Sony president Ken Kutaragi gave an interesting keynote speech at last week's Tokyo International Digital Conference, in which he spelled out some of his ambitions for the company's Cell technology. According to Gamesindustry.biz, there are plans to shrink the components and develop a Micro Cell, which will be used to power handheld products such as mobile phones - hmm, an entertainment handset with comparable power to PS3? If that doesn't kill off mobile gaming's obsession with retro titles frankly nothing will.
"Kutaragi also talked about the PS3's capability to run games at 120 frames per second," suggests the same article. However, this is slightly more contentious. An interesting post on the Beyond3D.com forum, complete with PowerPoint slides from Kutaragi's presentation, suggests that the 120fps comments were limited to the Cell technology's video/movie performance on forthcoming high definition TVs and didn't directly refer to games. So if you were looking forward to graphics performance possibly above and beyond the human eye's capabilities, you may be disappointed.

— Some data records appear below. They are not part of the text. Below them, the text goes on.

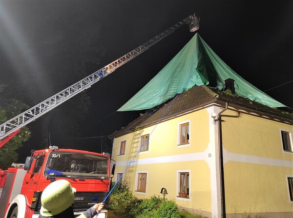 Bild zeigt Sicherung eines teilweise abgedeckten Dachs durch die Feuerwehr in Döfering im Landkreis Cham.
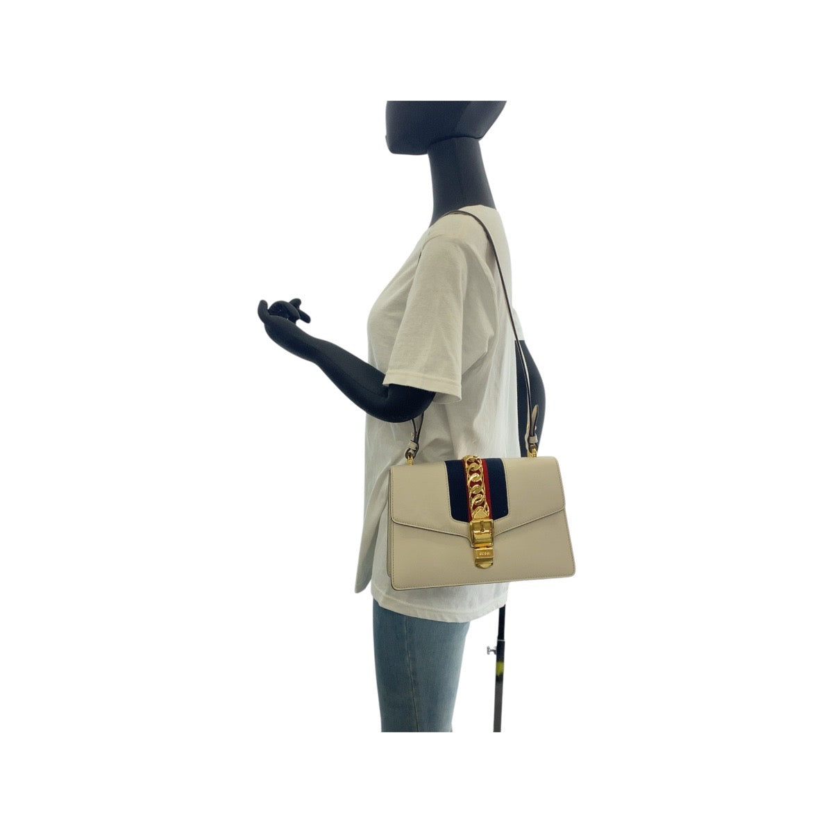 Gucci Shoulder Bag 421882 Leather Ivory White Gold Metal Shoulder Bag Sherry Line Silvi Women
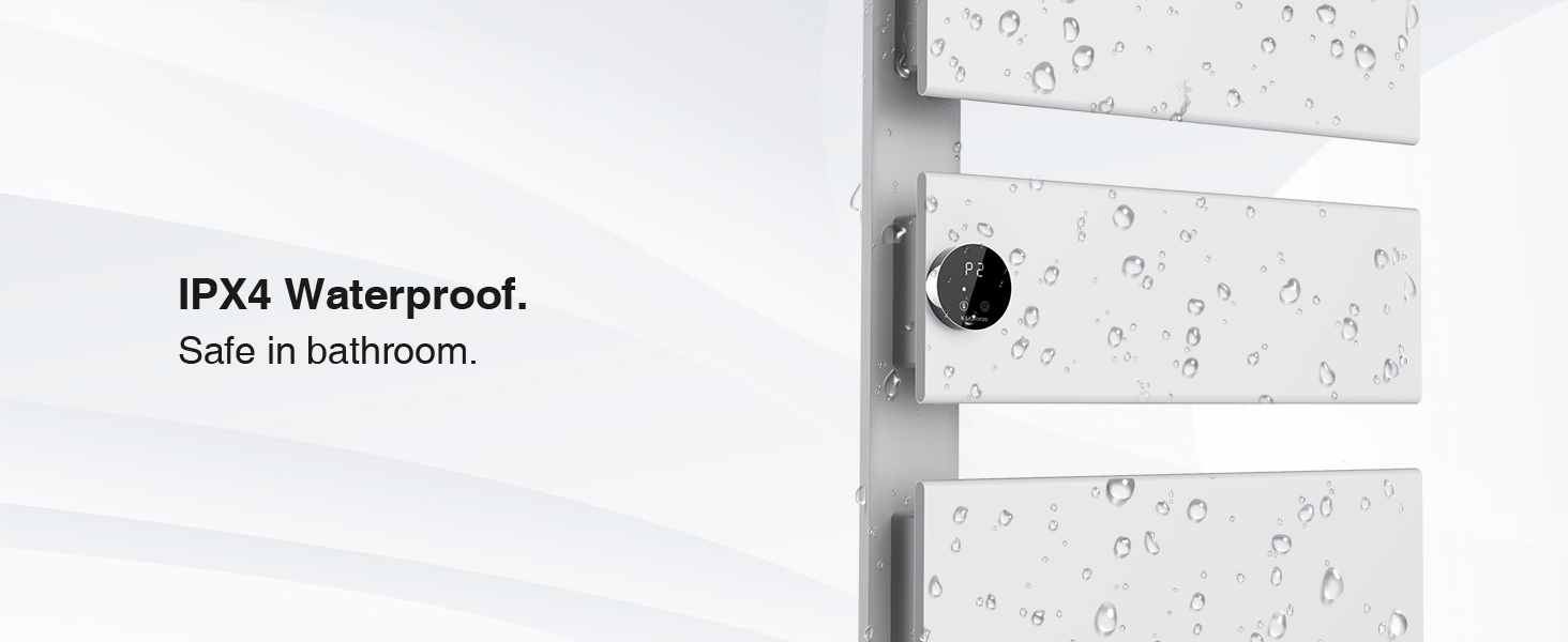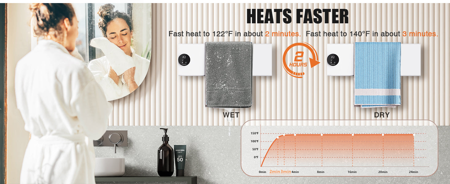 [Rapid Heating Technology]: Achieves your desired temperature in just 1-3 minutes! The towel rack heats to 122°F (approx. 2 minutes) and reaches 140°F in about 3 minutes. Designed for energy efficiency, it operates at 85W for 1 bar, 140W for 2 bars, 210W for 3 bars, and 280W for 4 bars. The anti-scald panel ensures safe operation even at high temperatures.
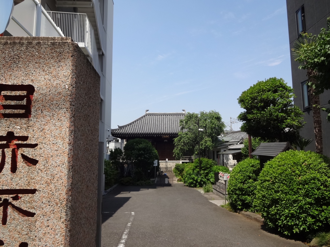 本郷通り沿いに門があって、そばに石造りのお地蔵さまがあります。マンションや住宅の間にある細い通りを西に進むと本堂がありました。大きな寺院ではありません。

Finally, Kutaragi mentioned using multiple Cell chips in futuristic HD displays and home servers thereby allowing users to watch several channels while simultaneously viewing the internet, or to play sports sims alongside viewing real sporting events. There seemed to be much talk about being able to rotate, re-size and re-position different image streams on the screen. I think he's been watching Minority Report a bit too much - or possibly those Dixons adverts that pastiche the Spielberg sci-fi movie. You know, the ones where an attractive Dixons employee answers a customer phone call while standing in front of a translucent display - "you want a laptop computer? That's no problem at all, sir," she says politely as she moves various graphics across the screen.
Yes, that's definitely where he got the idea from.